# changing substrate



## dp12345 (Sep 12, 2010)

Any advise of what substrate to use for my crs tank
thanks
dp


----------



## DetectivePopcorn (Aug 6, 2010)

I've heard alot of really good things about Fulval Shrimp Substrate, and some people talk a lot about ADA but I've never used it.

Anywho the good thing about the Fluval Shrimp Substrate is that it lowers the Ph to a more neutral or acidic PH ; http://gtaaquaria.com/forum/showthread.php?t=18966


----------



## bettaforu (Sep 6, 2009)

use the Fluval Stratum (red bag) as it is very beneficial for CRS and others. I have had several species of my shrimps berried since putting this in the tanks.
including my CRS (which I have NEVER been able to breed before due to high PH) 

Cheaper than ADA (which is hard to find) and better all round.


----------



## DetectivePopcorn (Aug 6, 2010)

Ahhh!

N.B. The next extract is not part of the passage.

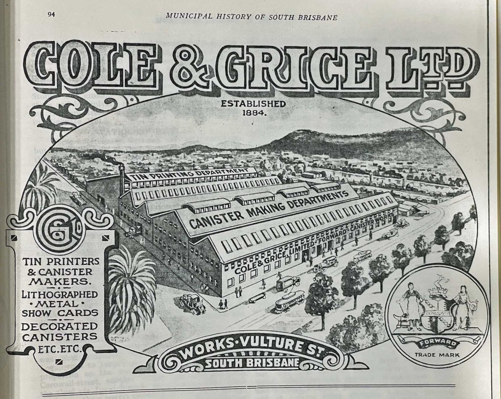 Cole and Grice saw an opportunity to commence the production of tins for various products, using the latest technology. A 1924 newspaper article based on a visit to the West End factory described newly installed machinery capable of making 2 pineapple tins a second. A flatbed tin printer enabled 960 tin sheets to be printed in colour per hour. It was the only factory in Brisbane producing both tins and labels.

You just reminded me!! Two of the CRS at work are berried now!! Muhhaha (they're on this Substrate too )


----------



## bettaforu (Sep 6, 2009)

Hi I just setup another 2 tanks with Fluval stratum and both have cleared in 2 hours. You need to have a hang on the back filter with floss in it to do it this way. Sponge only will not clear the water! Hope this helps.


----------



## Flazky (Jan 9, 2010)

Does anyone else have a ton of biofilm at the surface after using stratum? I seem to have a lot even with a lot of surface agitation.


----------



## CrystalMethShrimp (Apr 27, 2010)

bettaforu said:


> use the Fluval Stratum (red bag) as it is very beneficial for CRS and others. I have had several species of my shrimps berried since putting this in the tanks.
> including my CRS (which I have NEVER been able to breed before due to high PH)
> 
> Cheaper than ADA (which is hard to find) and better all round.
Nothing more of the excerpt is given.